Cross’s cross to bear, we soon gather, is how much he loves his wife, Louise, whose awkward smiling face is the background to his work tablet, and whose failing business in weird cloth dolls he supports through reimbursing his deputy for covert online purchases, and who, two decades previously, went on a couple of bad dates with Garcia. Louise suffers doubly: from an unspecified mental anguish and a tyrannical mother – the latter, it’s clear, is the cause of the former – with a penchant for online conspiracy influencers. Their presence infects the household, just as Black Lives Matter protests, fuelled by Instagram hysterics, begin to break apart the town.
The movie is Aster’s fourth feature, all of which have been collaborations with the producer Lars Knudsen as well as projects of the voguish production company A24. He has established a core set of themes across his oeuvre: the problem of having a mother (Hereditary, 2018), the problem of being a child (Midsommar, 2019) the problem of being your mother’s child (Beau Is Afraid, 2023), though Eddington makes a little more hay out of the travails and betrayals of fatherhood.
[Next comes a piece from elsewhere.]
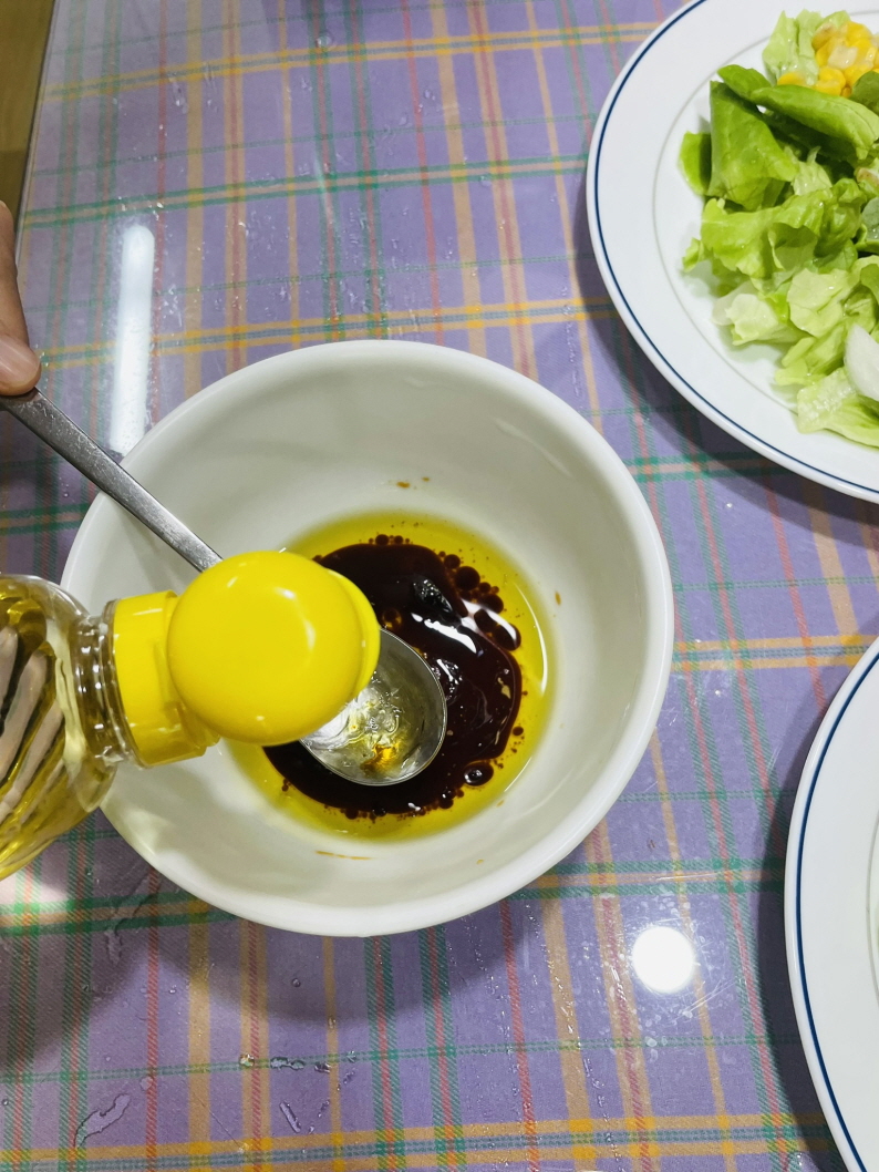 위 소스 재료들을 모두 섞어 드레싱 소스를 미리 만들어 둡니다.

He has also developed a distinctive aesthetic: his astute eye for interiors, with varying degrees of alienating domestic roominess or suffocating crampedness. A24 and Aster, together, have pioneered the use, rather than mere representation, of mobile phones as part of the toolkit of contemporary cinema (the company also produced Sean Baker’s Anora, 2024, and Janicza Bravo’s Zola, 2020, in which action is propelled via on-screen messaging). Eddington is the most pronounced and developed iteration of phone-led narrative in Aster’s work to date: the pings of notifications working as sonic jump scares, blocked numbers standing in for arguments, and live-streaming the only point of contact with the outside world.
If Eddington isn’t a western, what is it? It’s a period piece about the present; this means it’s a conspiracy thriller. Aster has admitted that the genre’s canon – Sergio Leone, John Ford and Clint Eastwood – wasn’t at the forefront of his mind while making the film. Instead, it was the unravelling chaos of Oliver Stone’s JFK (1991) that he hoped to emulate. The parallel is apt; unlike the 1970s forerunners of the conspiracy genre, in which unmasked malfeasance reveals something about the state of the world and the order of its powers, Eddington shows you roughly who’s doing what, but doesn’t interest itself in the tedium of why. No one cares. Or, if they do, they can’t agree on it.